What is required:
Write out the data exactly from its first line onward, ending with the line in which "The interior of" appears.

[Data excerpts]

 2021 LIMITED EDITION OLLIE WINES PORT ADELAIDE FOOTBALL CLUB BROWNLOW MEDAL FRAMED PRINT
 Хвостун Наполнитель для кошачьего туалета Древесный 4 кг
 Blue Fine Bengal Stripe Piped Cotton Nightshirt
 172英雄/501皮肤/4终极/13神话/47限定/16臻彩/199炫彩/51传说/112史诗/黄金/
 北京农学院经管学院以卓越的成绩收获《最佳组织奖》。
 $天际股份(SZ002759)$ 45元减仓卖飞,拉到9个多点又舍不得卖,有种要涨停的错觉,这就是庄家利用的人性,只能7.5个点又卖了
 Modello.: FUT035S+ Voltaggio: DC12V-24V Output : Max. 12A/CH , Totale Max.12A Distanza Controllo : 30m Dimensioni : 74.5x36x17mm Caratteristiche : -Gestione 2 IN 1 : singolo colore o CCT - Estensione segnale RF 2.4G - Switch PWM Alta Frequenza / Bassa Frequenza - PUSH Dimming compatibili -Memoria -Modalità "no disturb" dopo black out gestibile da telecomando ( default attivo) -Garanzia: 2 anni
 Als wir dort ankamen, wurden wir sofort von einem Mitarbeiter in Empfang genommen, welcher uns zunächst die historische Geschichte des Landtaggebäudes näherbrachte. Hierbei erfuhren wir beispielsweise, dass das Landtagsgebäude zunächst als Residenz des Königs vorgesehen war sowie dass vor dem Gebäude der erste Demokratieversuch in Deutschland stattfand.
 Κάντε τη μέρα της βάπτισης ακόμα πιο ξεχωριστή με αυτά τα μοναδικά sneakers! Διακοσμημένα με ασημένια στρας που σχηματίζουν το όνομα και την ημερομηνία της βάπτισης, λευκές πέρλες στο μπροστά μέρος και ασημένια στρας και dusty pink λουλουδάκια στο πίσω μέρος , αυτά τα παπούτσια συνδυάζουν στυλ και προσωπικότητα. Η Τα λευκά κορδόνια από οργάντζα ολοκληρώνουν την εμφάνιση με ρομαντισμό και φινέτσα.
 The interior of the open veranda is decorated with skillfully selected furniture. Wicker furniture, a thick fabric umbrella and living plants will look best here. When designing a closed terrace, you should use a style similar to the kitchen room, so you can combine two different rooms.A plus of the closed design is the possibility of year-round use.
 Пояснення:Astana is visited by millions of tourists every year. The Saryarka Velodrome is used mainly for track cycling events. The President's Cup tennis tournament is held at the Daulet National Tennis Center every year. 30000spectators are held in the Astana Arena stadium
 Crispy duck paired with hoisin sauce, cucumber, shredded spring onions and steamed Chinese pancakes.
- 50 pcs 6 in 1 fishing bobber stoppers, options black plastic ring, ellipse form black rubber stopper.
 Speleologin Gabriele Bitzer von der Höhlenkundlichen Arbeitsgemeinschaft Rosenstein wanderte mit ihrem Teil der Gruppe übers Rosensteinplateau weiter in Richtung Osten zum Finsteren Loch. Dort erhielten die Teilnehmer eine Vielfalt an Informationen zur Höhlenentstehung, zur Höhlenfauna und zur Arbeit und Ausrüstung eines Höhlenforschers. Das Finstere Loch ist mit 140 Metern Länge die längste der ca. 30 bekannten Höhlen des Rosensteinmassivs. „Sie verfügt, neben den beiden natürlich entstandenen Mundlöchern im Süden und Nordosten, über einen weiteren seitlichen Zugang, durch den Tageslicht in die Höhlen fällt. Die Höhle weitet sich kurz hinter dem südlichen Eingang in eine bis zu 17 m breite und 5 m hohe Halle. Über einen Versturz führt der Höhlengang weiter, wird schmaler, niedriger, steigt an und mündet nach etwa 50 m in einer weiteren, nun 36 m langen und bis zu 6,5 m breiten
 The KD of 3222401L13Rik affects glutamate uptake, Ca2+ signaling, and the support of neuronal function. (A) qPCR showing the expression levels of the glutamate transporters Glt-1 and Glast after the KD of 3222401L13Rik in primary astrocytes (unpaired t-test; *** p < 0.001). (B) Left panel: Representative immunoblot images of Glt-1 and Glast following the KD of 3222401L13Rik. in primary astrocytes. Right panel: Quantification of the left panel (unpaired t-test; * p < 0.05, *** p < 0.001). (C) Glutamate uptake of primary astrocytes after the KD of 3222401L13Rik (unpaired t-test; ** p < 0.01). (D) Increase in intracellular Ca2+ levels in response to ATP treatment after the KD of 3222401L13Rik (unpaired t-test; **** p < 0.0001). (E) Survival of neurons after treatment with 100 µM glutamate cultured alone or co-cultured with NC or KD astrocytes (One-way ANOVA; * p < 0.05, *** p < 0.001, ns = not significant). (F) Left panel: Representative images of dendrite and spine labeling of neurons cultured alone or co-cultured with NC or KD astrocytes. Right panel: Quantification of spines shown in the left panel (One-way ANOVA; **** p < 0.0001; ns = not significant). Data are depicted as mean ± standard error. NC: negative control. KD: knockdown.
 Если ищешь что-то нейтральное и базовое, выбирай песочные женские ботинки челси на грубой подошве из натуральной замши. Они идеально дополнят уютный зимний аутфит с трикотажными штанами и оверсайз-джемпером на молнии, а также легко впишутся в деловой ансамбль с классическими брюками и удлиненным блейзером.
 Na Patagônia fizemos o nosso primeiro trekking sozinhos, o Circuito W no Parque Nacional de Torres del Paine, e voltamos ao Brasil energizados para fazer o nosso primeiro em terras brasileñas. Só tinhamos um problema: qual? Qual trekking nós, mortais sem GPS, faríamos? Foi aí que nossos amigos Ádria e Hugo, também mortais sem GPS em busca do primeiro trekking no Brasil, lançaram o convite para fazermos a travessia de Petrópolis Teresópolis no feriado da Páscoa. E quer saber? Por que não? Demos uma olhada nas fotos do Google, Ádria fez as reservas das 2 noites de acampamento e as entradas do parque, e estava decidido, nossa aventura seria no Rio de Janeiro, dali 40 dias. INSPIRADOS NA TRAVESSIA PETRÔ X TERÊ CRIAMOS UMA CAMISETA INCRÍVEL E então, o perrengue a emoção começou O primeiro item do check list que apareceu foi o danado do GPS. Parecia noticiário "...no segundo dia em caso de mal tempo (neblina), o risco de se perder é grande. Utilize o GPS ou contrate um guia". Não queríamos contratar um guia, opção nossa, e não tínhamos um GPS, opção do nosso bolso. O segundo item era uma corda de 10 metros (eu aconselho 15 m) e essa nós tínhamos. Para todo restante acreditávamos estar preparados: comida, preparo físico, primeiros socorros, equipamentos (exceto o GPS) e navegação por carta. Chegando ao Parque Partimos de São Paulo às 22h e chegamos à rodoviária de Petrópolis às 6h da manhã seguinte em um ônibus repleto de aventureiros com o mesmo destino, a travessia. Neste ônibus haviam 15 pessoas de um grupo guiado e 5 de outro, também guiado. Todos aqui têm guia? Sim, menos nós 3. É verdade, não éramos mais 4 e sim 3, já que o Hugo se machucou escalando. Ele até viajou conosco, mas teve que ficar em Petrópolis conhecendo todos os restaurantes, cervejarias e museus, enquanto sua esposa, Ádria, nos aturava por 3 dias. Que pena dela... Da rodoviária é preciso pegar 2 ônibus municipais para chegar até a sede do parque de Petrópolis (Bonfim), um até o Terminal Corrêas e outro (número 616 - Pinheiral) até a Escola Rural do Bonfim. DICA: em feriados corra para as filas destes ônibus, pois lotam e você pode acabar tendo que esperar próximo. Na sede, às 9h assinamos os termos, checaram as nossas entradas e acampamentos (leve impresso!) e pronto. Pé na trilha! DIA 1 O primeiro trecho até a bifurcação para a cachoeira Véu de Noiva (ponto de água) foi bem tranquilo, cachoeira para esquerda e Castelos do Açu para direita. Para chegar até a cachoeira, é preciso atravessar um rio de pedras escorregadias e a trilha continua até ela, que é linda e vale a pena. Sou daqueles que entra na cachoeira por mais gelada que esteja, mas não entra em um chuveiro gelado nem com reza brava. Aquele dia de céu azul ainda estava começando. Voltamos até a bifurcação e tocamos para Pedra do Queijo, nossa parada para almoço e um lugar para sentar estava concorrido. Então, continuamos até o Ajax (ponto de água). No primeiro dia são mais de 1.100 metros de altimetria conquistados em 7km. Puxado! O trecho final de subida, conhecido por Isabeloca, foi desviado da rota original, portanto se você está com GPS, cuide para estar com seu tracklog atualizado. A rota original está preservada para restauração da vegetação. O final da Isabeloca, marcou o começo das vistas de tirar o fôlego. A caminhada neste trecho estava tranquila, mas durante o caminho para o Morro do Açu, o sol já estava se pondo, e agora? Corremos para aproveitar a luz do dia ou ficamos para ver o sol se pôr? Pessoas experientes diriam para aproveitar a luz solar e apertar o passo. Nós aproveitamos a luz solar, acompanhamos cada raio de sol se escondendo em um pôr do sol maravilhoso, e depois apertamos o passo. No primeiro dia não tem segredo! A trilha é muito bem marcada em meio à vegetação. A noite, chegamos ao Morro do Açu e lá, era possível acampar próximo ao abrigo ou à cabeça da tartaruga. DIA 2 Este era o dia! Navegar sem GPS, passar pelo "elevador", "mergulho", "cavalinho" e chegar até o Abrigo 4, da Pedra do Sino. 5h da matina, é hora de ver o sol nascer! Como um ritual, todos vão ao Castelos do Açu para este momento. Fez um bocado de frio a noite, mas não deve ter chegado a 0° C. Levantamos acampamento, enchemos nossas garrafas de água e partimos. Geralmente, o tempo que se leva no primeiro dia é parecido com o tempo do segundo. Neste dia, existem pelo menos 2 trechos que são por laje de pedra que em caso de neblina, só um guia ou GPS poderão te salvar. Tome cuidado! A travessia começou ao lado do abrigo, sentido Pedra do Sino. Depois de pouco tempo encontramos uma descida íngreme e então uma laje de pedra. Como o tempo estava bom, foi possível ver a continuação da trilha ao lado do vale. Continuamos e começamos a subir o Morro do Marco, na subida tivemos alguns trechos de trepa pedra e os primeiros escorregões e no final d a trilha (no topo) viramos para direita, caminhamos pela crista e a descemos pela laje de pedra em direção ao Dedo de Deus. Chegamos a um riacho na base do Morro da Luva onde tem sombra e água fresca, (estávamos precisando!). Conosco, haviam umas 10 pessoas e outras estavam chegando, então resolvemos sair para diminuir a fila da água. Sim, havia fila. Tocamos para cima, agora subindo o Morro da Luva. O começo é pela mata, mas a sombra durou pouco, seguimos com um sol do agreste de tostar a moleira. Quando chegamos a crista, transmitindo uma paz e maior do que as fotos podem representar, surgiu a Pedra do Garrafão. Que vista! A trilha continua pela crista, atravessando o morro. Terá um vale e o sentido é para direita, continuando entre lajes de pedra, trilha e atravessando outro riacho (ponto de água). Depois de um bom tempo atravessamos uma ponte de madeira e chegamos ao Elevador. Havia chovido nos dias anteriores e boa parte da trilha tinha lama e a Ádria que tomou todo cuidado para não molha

Answer to the problem:
 2021 LIMITED EDITION OLLIE WINES PORT ADELAIDE FOOTBALL CLUB BROWNLOW MEDAL FRAMED PRINT
 Хвостун Наполнитель для кошачьего туалета Древесный 4 кг
 Blue Fine Bengal Stripe Piped Cotton Nightshirt
 172英雄/501皮肤/4终极/13神话/47限定/16臻彩/199炫彩/51传说/112史诗/黄金/
 北京农学院经管学院以卓越的成绩收获《最佳组织奖》。
 $天际股份(SZ002759)$ 45元减仓卖飞,拉到9个多点又舍不得卖,有种要涨停的错觉,这就是庄家利用的人性,只能7.5个点又卖了
 Modello.: FUT035S+ Voltaggio: DC12V-24V Output : Max. 12A/CH , Totale Max.12A Distanza Controllo : 30m Dimensioni : 74.5x36x17mm Caratteristiche : -Gestione 2 IN 1 : singolo colore o CCT - Estensione segnale RF 2.4G - Switch PWM Alta Frequenza / Bassa Frequenza - PUSH Dimming compatibili -Memoria -Modalità "no disturb" dopo black out gestibile da telecomando ( default attivo) -Garanzia: 2 anni
 Als wir dort ankamen, wurden wir sofort von einem Mitarbeiter in Empfang genommen, welcher uns zunächst die historische Geschichte des Landtaggebäudes näherbrachte. Hierbei erfuhren wir beispielsweise, dass das Landtagsgebäude zunächst als Residenz des Königs vorgesehen war sowie dass vor dem Gebäude der erste Demokratieversuch in Deutschland stattfand.
 Κάντε τη μέρα της βάπτισης ακόμα πιο ξεχωριστή με αυτά τα μοναδικά sneakers! Διακοσμημένα με ασημένια στρας που σχηματίζουν το όνομα και την ημερομηνία της βάπτισης, λευκές πέρλες στο μπροστά μέρος και ασημένια στρας και dusty pink λουλουδάκια στο πίσω μέρος , αυτά τα παπούτσια συνδυάζουν στυλ και προσωπικότητα. Η Τα λευκά κορδόνια από οργάντζα ολοκληρώνουν την εμφάνιση με ρομαντισμό και φινέτσα.
 The interior of the open veranda is decorated with skillfully selected furniture. Wicker furniture, a thick fabric umbrella and living plants will look best here. When designing a closed terrace, you should use a style similar to the kitchen room, so you can combine two different rooms.A plus of the closed design is the possibility of year-round use.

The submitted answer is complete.